Once the source address of the query has been matched, if the top level statement contains only one element, the actual element that matched the source address is used to select the address in the response to move to the beginning of the response. Each top level statement element is assigned a distance and the address in the response with the minimum distance is moved to the beginning of the response.
A sample sortlist statement usage in the Options statement in the /etc/named.conf file is as shown below:
[ sortlist { address_match_list }];
NOTE: Refer to the named.conf(4) man page for more information on the usage of sortlist statement.
max-cache-size
max-cache-size is used to specify the maximum amount of memory to use for the server’s cache, in bytes. When the amount of data in the cache reaches this limit, the server will cause records to expire prematurely so that the limit is not exceeded. In a server with multiple views, the limit applies separately to the cache of each view. The default is unlimited, meaning that records are purged from the cache only when their TTLs expire.

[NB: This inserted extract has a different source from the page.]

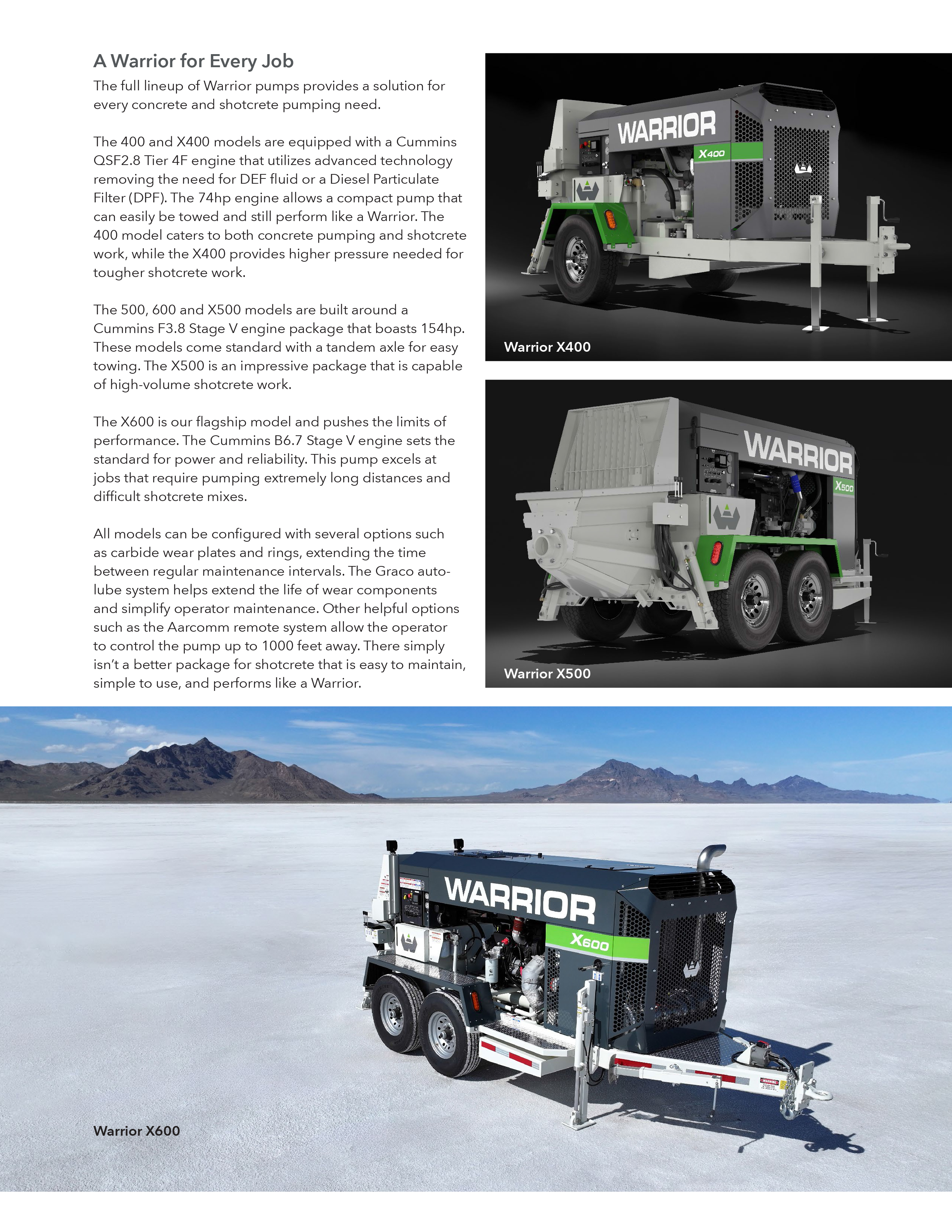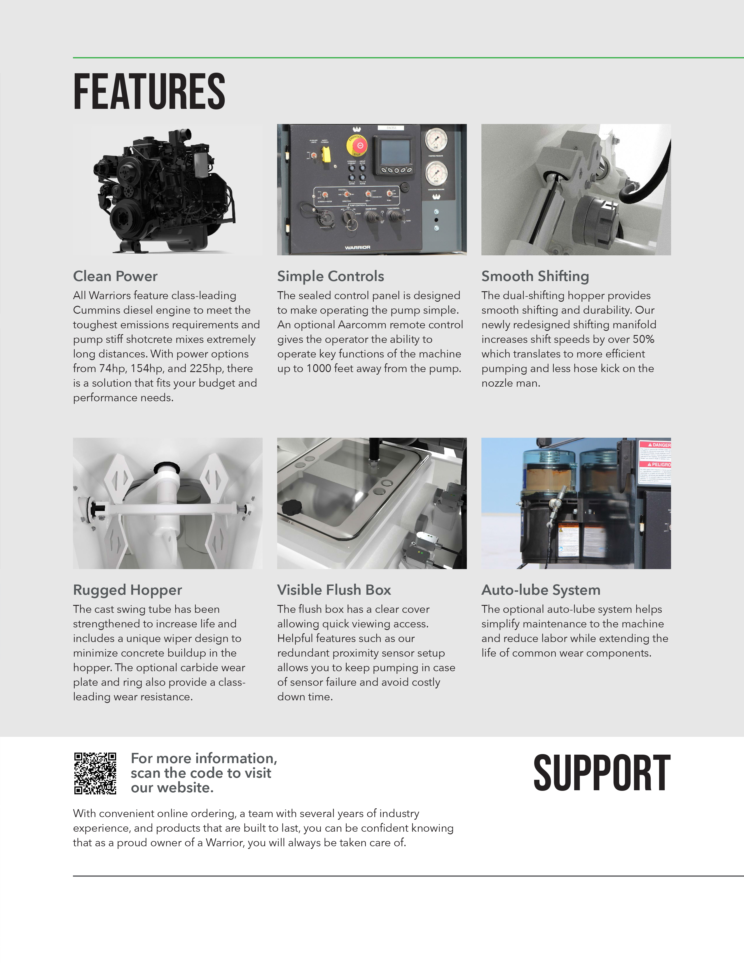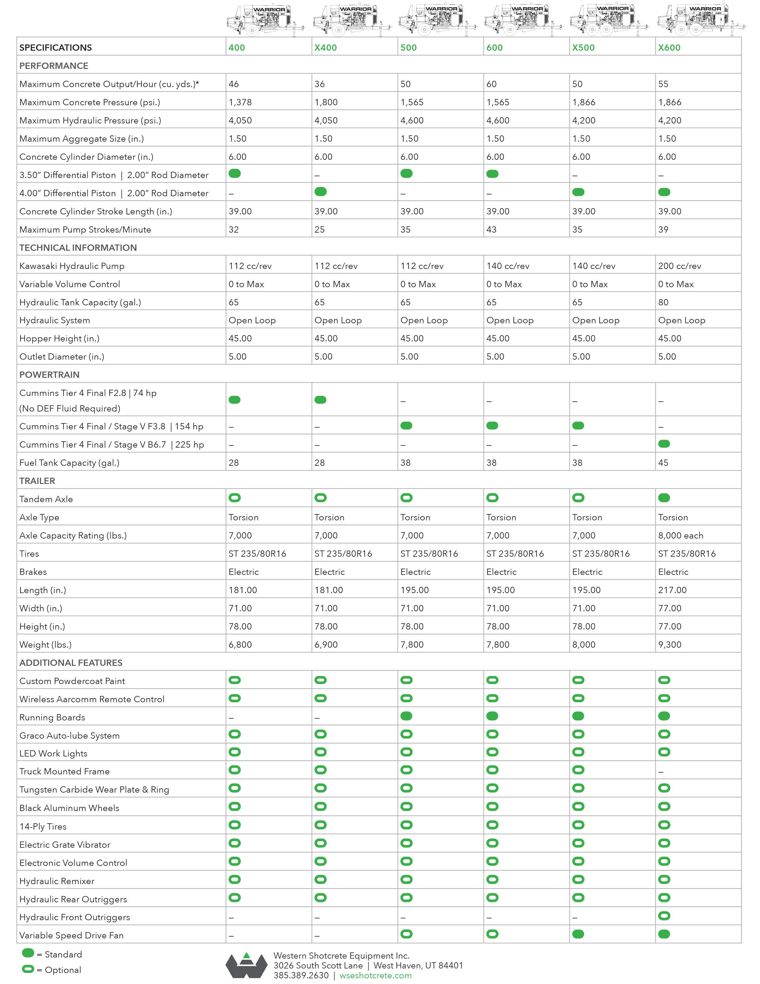 The Warrior 400 is a robust and reliable concrete pump designed for solid mid-range performance on demanding job sites. Delivering a maximum concrete output of 50 cubic yards per hour and a concrete pressure of 1,378 psi, it handles aggregate up to 1.5 inches with ease. Powered by a Cummins Tier 4 Final F2.8 engine generating 74 horsepower—without the need for DEF fluid—it combines efficiency with minimal maintenance. The hydraulic system runs on an open loop with a 112 cc/rev Kawasaki pump and a 65-gallon tank, while the 6-inch diameter concrete cylinders deliver up to 32 pump strokes per minute. Weighing in at 6,800 pounds, the Warrior 400 sits on a torsion tandem axle trailer rated for 7,000 lbs per axle, and includes 14-ply ST 235/80R16 tires with electric brakes. Standard features like LED work lights, wireless Aarcomm remote control, and a tungsten carbide wear plate and ring make it a dependable, operator-friendly machine ideal for shotcrete and concrete pumping applications.

New Option in “Server” Statement

The bogus option can be used to prevent queries to a remote server which is giving out invalid data. The default value of bogus is no. The syntax of bogus option in the “Server” statement is as shown below:

[ bogus yes_or_no ; ]

New Options in “Zone” Statement

The following lists the new options added in “Zone” statement:

forwarders
This option can be used to specify the IP addresses to be used for forwarding. The forwarding facility can be used to create a large site-wide cache on a few servers, reducing traffic over links to external nameservers. This facility also allows queries by servers that do not have direct access to the Internet, but wish to look up exterior names. Forwarding occurs only on those queries for which the server is not authoritative and does not have an answer in its cache.
The forwarders option is specified in the /etc/named.conf file as:
[ forwarders { ip_addr [port ip_port] ; [ ip_addr [port ip_port] ; ... ] }; ]
allow-update
This option can be used to specify which hosts are allowed to submit Dynamic DNS updates for master zones. By default, updates from all hosts are denied.
NOTE: allow-update option is not applicable for slave zones. Refer to the named.conf(4) man page for more information.

rndc-confgen

rndc-confgen can be used to generate rndc.conf, the configuration file for rndc. Alternatively, it can also be run with the -a option to set up a rndc.key file thus avoiding the need for a rndc.conf file and a control statement.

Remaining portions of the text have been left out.